The flowchart and the block diagram in the drawings show the possible architecture, functions and operations of the system, the method and the computer program product implemented in accordance with the present disclosure. In this regard, each block in the flowchart or the block diagram may represent a part of a module, a program segment or instructions, which contains one or more executable instructions for implementing the specified logic function. In some alternative implementations, the functions marked in the block may also occur in a different order from those marked in the drawings. For example, two consecutive blocks may actually be executed in parallel, and sometimes can also be executed in a reverse order, depending on the function involved.
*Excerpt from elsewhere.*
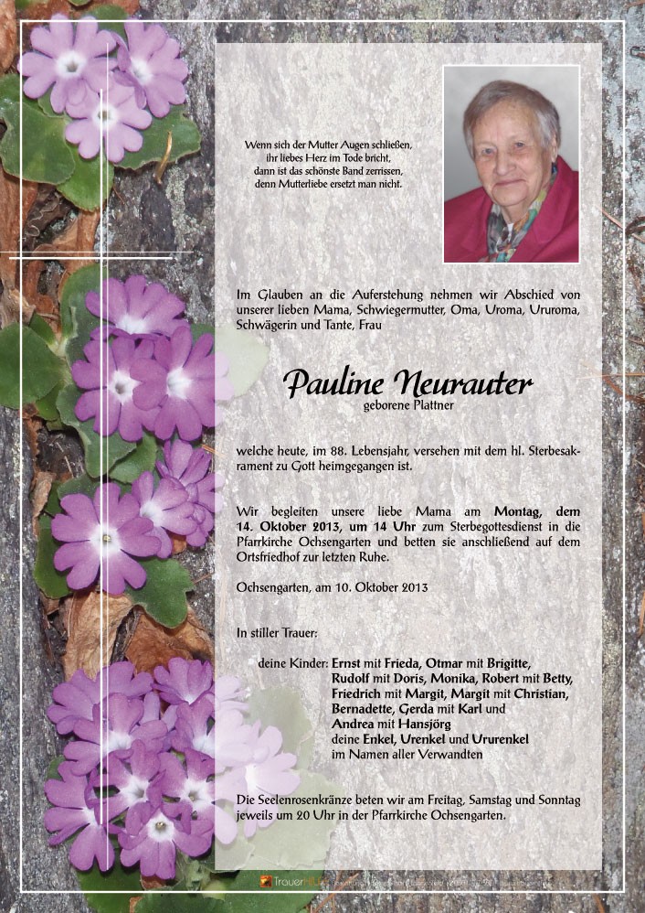 Unser aufrichtiges Mitgefühl am Heimgang deiner lieben Mama und eurer Oma.

It should also be noted that each block in the block diagram and/or the flowchart, and combinations of blocks in the block diagram and/or the flowchart, may be implemented by a dedicated hardware-based system that performs the specified functions or acts, or by the combination of dedicated hardware and computer instructions.

Each implementation of the present disclosure has been described above. The above description is example, not exhaustive, and is not limited to the disclosed implementations. Without departing from the scope and spirit of the described implementations, many modifications and changes are obvious to ordinary skill in the art. The selection of terms used in this article aims to best explain the principles, practical application or improvement of technology in the market of each implementation, or to enable other ordinary skill in the art to understand the various embodiments disclosed herein.